In lessons 2 and 3, we also developed a third and, I would contend, much stronger motivation for the claim that Jewish chosenness cannot be allowed to come along with disregard for the welfare and irreducible value of non-Jews. That motivation stems from an understanding of the narrative frame of the Bible itself.

The Hebrew Bible spans a narrative chronology that starts with the creation of the world and concludes with the end of days. As depicted by this narrative arc, God’s purpose in creating the world seems to be, at least in part, to create an environment in which individual human beings can flourish, each in their unique individuality, whilst recognizing that – as social animals – even our individuality must be informed by our association with others. In addition to creating such an environment for individual human beings, it seems that God has an interest in allowing for the proliferation of different cultures, perspectives, and languages that will one day mature into a single brotherhood of man in which those differences will not be utterly obliterated but will find their own place within a greater unity. As Rabbi Samson Raphael Hirsch put it in the sixth of his Nineteen Letters, it was essential that, before this eventual unity under God could be founded, humanity should be scattered over the face of multiple climates and habitats, so as to promote that desired diversity. He wrote:

Mankind must be scattered, must distribute itself among all the different regions of earth in order that the most divergent and contrary faculties of the human mind may find in nature the needed opportunities of development, in order that experience become full and complete… This diversity of the earth was, by the Divine plan, intended to profoundly influence man, vainly fancying himself master of the earth, and to affect, even to their innermost characteristics, his body, his opinions, his habits, his passions, and his language. Thus should a broad and variegated experience become possible. This experience should make him worthy of God and of himself; should teach him to recognize the supreme dominion of God over nature and human life; should cause him to realize that the task of man is higher than merely to possess and to enjoy.[2]

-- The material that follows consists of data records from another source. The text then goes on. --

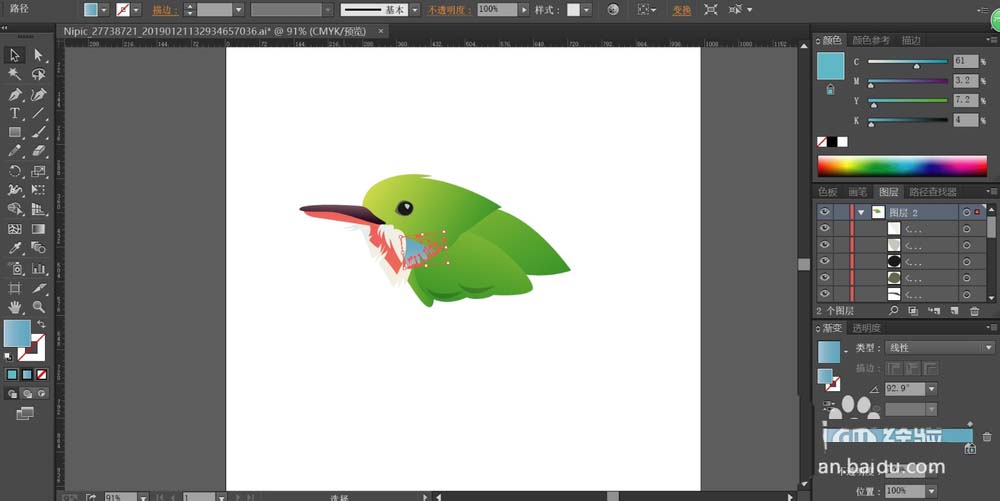 5、这一步,我们重点对于鸟儿的脖子区域的羽毛进行填色,使用蓝色的渐变、灰白色的渐变、粉红色的渐变搭配填充脖子区域的羽毛路径。
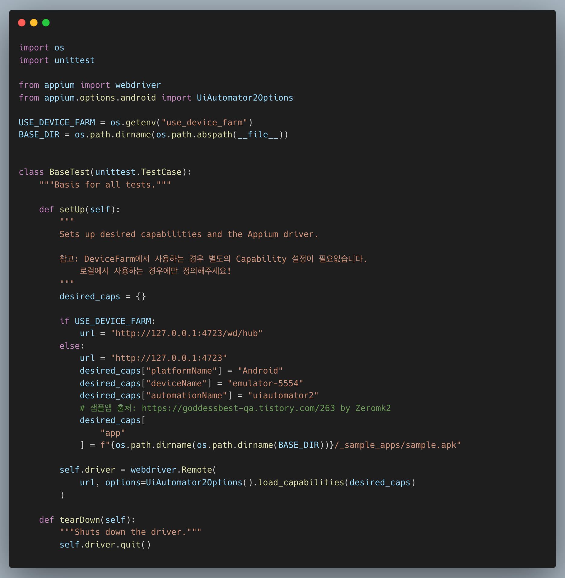 python을 사용해 보신 분들이라면 unnittest, pytest에 대해서 한 번쯤 들어 보셨을 텐데요. Appium 테스트도 똑같습니다! 일단은 Appium Driver를 연결을 위한 BaseTest 클래스를 만듭니다.
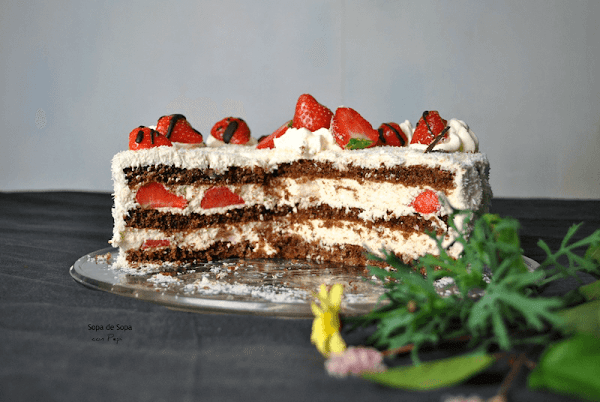 Termina de cubrir con la última base de bizcocho y meter en la nevera unas 2 horas.
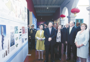 11月21日,国家主席习近平和夫人彭丽媛在利马同秘鲁总统库琴斯基和夫人兰格共同出席中拉文化交流年闭幕式并参观“天涯若比邻-华夏瑰宝展”。
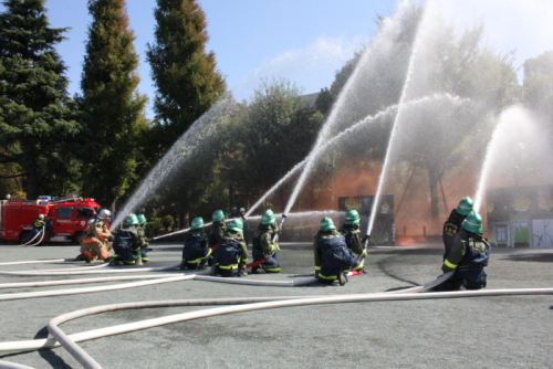 合同点検とは、消防団の士気・規律・災害活動技術の錬成状況を確認するために行うものです。当日は、本郷消防団・小石川消防団によるチェーンソーを活用した破壊訓練や一斉放水による消火訓練を予定しています。
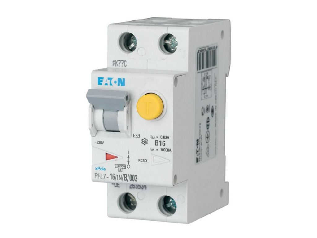 Kombinovaný proudový chránič s jističem EATON 263535 (PFL7-16/1N/B/003-A-DE) spojuje dvě základní funkce elektrické ochrany – ochranu proti úniku proudu (RCD) a ochranu proti přetížení a zkratu (MCB) – v jednom kompaktním zařízení.
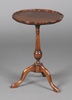 | 160 | A circular Georgian style mahogany wine table with pie crust edge raised on pillar and tripod base 53cm h x 37cm diam. | 30-30 |
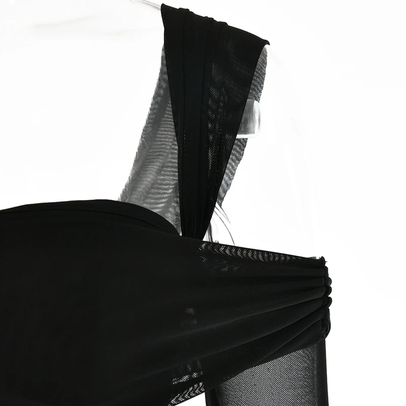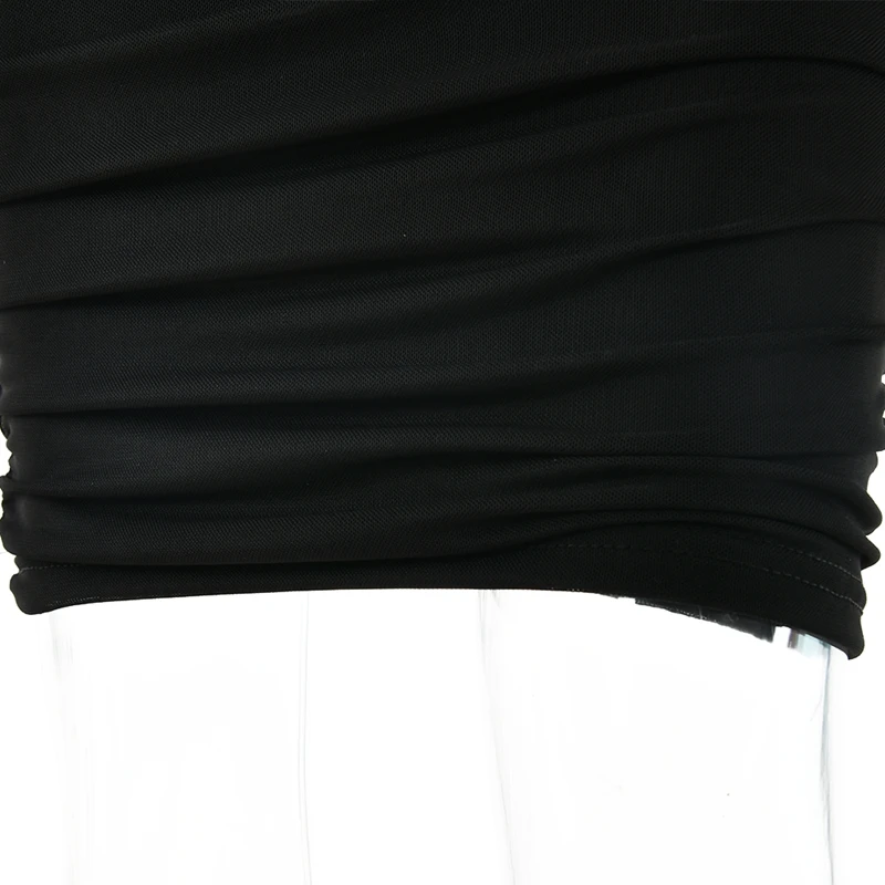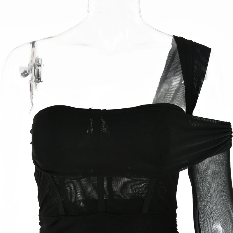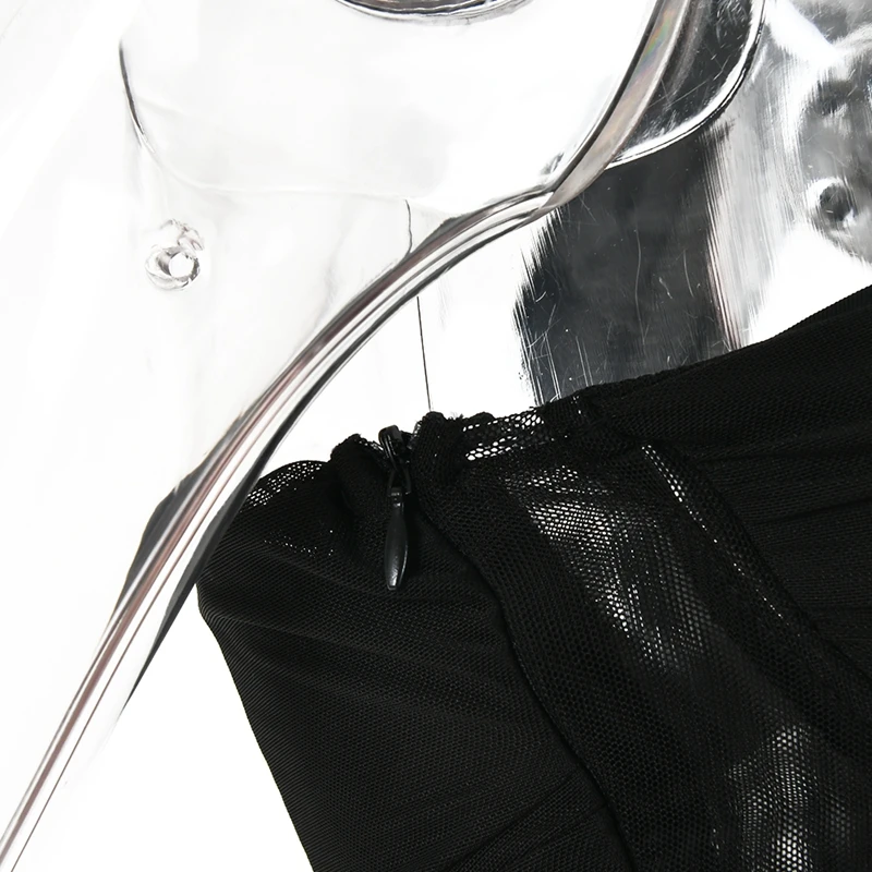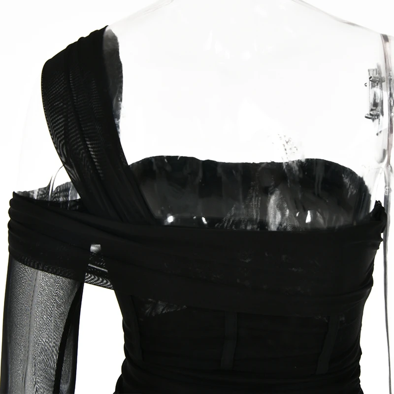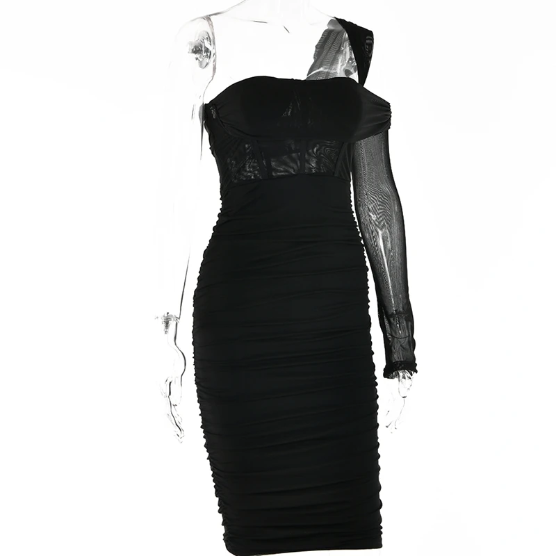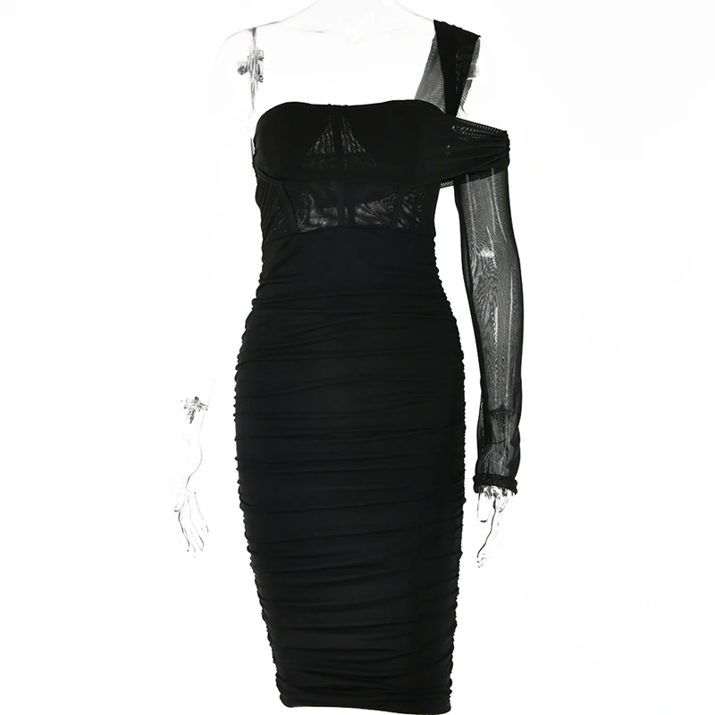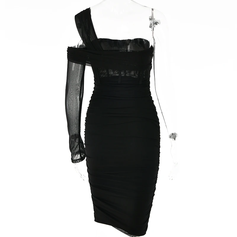 victoria’s vogue Mesh See Through Women Dresses Sexy Elegant Slim Bodycon Party Outfits One Shoulder Knee Length Pleated Evening Dress

But this ultimate realization, which will usher in that final human unity, is not something that can be imposed. Babel is the proof of that. It is something that must emerge over time. You might think that God could click His proverbial fingers and create a perfect world in an instant, but a perfect human society isn’t really perfect if it hasn’t been built, to some extent, by us, in our human freedom. Accordingly, even God can’t impose the sort of unity we’re talking about.

It will be my contention that any workable theory of the election of the Jews must explain how the election itself was and is supposed to function as a vehicle for bringing about whatever must be learnt and achieved in order to bring humanity, collectively, to its ultimate, diversity-appreciating, unity under God.

If each and every human being, as a reflection of the image of God on earth, is of inestimable value, and if the Jewish people were elected only in order to bring about a good that would benefit all – such that the Jews were elected to serve humanity – then any ethic that undermines the inherent value of the human person is going to be automatically out of kilter with the doctrine of the election. Moreover, any worldview that sees more inherent worth in a Jew than in a gentile is going to be in tension with the idea that it was only for the benefit of the gentiles that Jews were singled out to be Jewish in the first place.

And yet, as I anticipated in lesson 2, any such understanding of the election of the Jews is going to be challenged on Biblical grounds. In its commandment to destroy the nation of Amalek,[3] and to wipe seven nations out of the promised land,[4] and in its stark differentiation between the treatment of Jewish and gentile slaves,[5] is it not obvious that the Torah does prefer the Jewish race to others, and that the Torah does look upon, at least some races, as subhuman, and worthy of annihilation? My task, over the next three lessons, will be to rebut this suggestion by looking at these troubling Biblical phenomena within the context of the Bible’s own narrative frame. I shall begin, in this lesson, with the case of slavery, before turning to the nation of Amalek in lesson 5 and, in lesson 6, to the other seven nations that seem to be singled out for destruction.

Were it not for one verse in the Bible (to which I’ll come in due time), the following narrative, I think, would be very convincing.

Given that all people are created in God’s image, and given that the purpose of history is to arrive at a state of affairs in which each and every individual can flourish, as a social animal in the midst of cultural and national diversity, it is inconceivable that God was happy with the institution of slavery. Slavery, after all, subjugates and suppresses the image of God in man, and suffocates all potential for flourishing. The fact that God’s greatest discernible intervention in history, as the Bible describes things, was His miraculous liberation of a nation of slaves from the midst of an imperial “house of bondage,” is – you might think – a powerful illustration of God’s disdain for the institution of slavery.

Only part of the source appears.